# Narrow excavator trenching attachments



## Joey100 (Jan 7, 2019)

I am very new to this line of work, but I am looking to help a friend with procuring a narrow attachment that would fit on a Mitsubishi ME15 excavator to dig 18 inch deep trenches as narrow as possible, just enough to lay pipes. His 12 inch wide bucket is overkill for the 1 inch pipes we are laying, and trenchers and special attachments cost more than we'd like to spend. For how long I have spent looking, I feel I am missing a key word in my searches, or no such attachments exist. A ripper blade would do what Id like, but finding one is difficult. I planned on only spending 200 dollars on a little hunk of steel but I need advice and direction. We will be dealing with thick, wet Texas clay by the way, the kind that gives a cheap trencher a hard time. Please pardon my lack of knowledge.

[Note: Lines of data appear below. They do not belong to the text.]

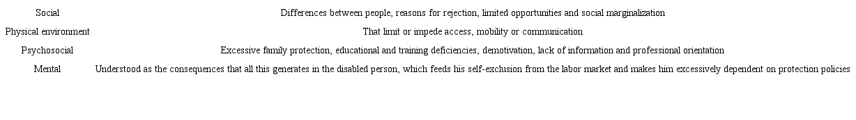 For Pico-Barrionuevo & Torres (2017), p. 191), disability is a concept that evolves and that results from the interaction between people with impairments and the barriers due to attitude and environment that prevent their full and active participation in society, on equal terms with others. For Zhao & Zhang (2018)), the most noticeable change is the idea of inclusive education. Only when barriers are transcended can steps be taken towards inclusion and both persons with disabilities and the organization can experience positive results (Vornholt et al., 2017). Frequently, people with physical or sensory disabilities have been treated as incapable without being disabled. Some "diseases" or "disabilities," from the sociological point of view, that is, behaviors or situations that are considered socially legitimate deviations from normality and that must be "cured," may lack a biomedical basis; they can be simple social constructions (Alemany, 2018, pp. 214-215).
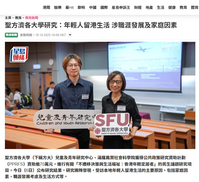 星岛头条网:圣方济各大学研究:年轻人留港生活 涉职涯发展及家庭因素
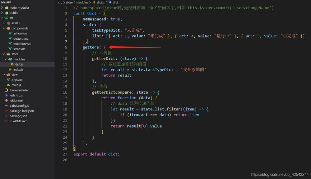 我们在index.js中设置了两个getters事件,在子模块dict.js中设置了两个getters事件
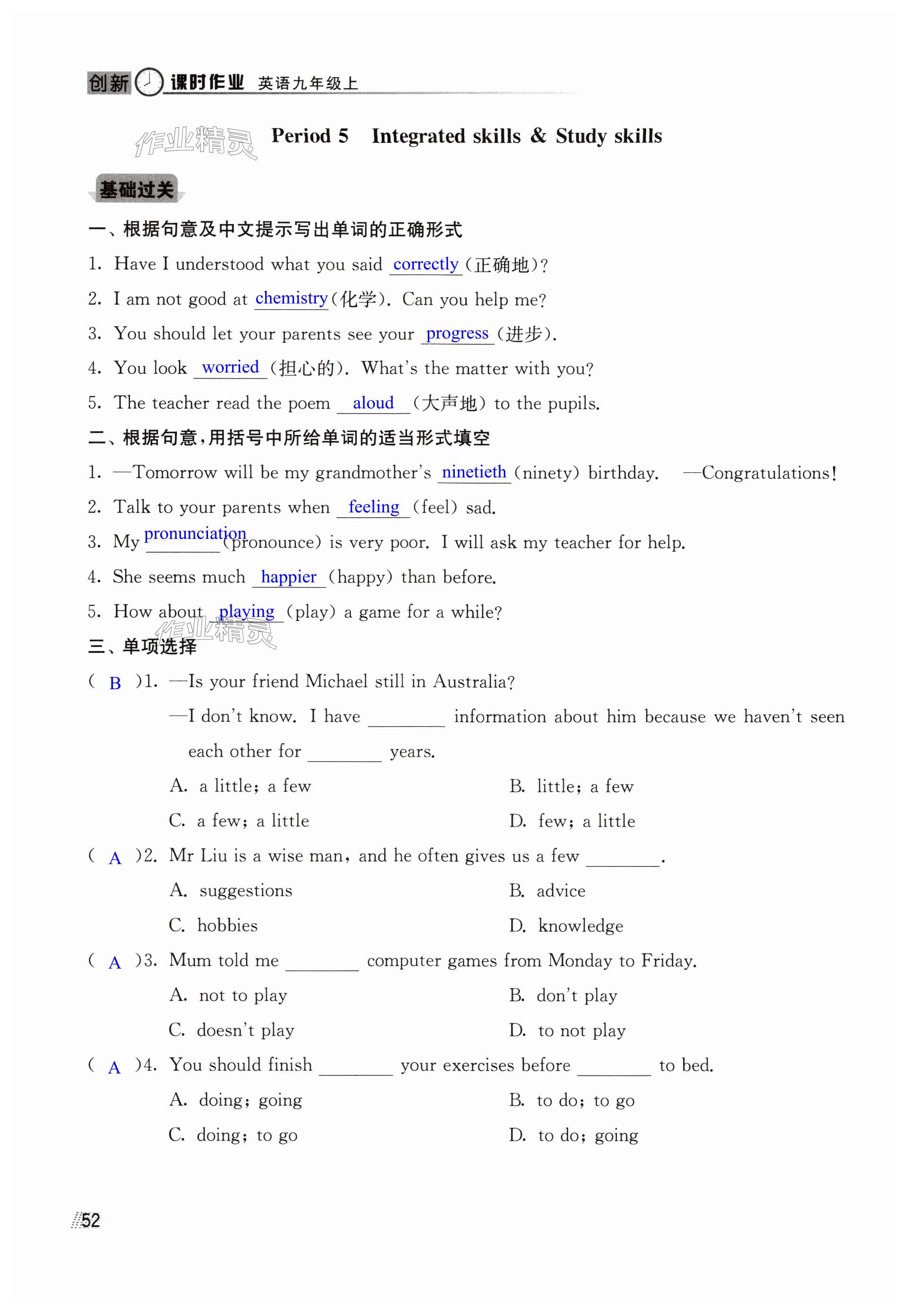 注:目前有些书本章节名称可能整理的还不是很完善,但都是按照顺序排列的,请同学们按照顺序仔细查找。练习册 2024年创新课时作业九年级英语上册译林版 答案主要是用来给同学们做完题方便对答案用的,请勿直接抄袭。
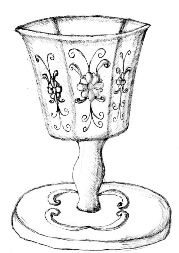 сосуд был похож на шестигранный стакан с расходящимися наподобие воронки кверху краями и подставкой в виде массивной пластины с утолщённой в средине ножкой
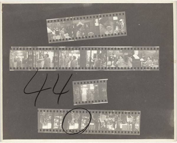Robert Frank’s "11th Street story 57" captures a sequence of moments, presented through the raw materiality of photographic film. The monochrome palette emphasizes stark contrasts between light and shadow, immediately creating a sense of urban grit and a somber mood. The composition is fragmented, with strips of film laid out to reveal multiple shots of a man. This serial arrangement challenges the singular, decisive moment typically associated with photography. Instead, Frank offers a layered narrative, dissecting time and movement into discrete units. We see the man eating, perhaps a worker on break, against an indistinct backdrop. Frank's use of the film strip itself, complete with sprocket holes and handwritten annotations, further disrupts traditional notions of photographic representation. The very structure of the medium becomes part of the artwork's content. The effect is to dismantle the image's fixity, offering it instead as a field of possibilities, of moments captured and then consciously arranged. Frank invites us to see photography not as a mirror, but as a language.

Thanks in advance for any guidance.


----------



## Hoodoo Valley (Nov 14, 2006)

Welcome to the forum Joey. Maybe you could fabricate something that bolted to the side of the bucket, that could be drug.


----------



## pogobill (Jan 31, 2012)

Welcome Joey100. Have you tried to see if the dimensions of the bucket attachment, pin diameters etc. would match a three point hitch type of backhoe like Bradco and such?


----------



## PJ161 (Sep 12, 2016)

Any bucket narrower than 6 inches is only good in sandy/gravel type soil, any clay in it and most of the time you'll be digging the material out of the bucket by hand. If you have sod on top, cut the sod off and set on the other side of the trench, then set the remaining material on the opposite side, easy to backfill. New buckets are expensive, a 12" bucket for my hoe is $235, a 9" is $195. Plus, they must be made to fit your hoe, not many hoe mounts are compatible with each other, in fact, none that I know of. PJ

I didn't mention that if the top material is nice grass, lay some construction plastic on top of the grass on each side of the trench, clean up after backfilling is much easier.


----------



## PJ161 (Sep 12, 2016)

Oh my, I didn't look to see it was a Cat machine, a new bucket for that would probably be in the $500.00 range, maybe a little more! PJ


----------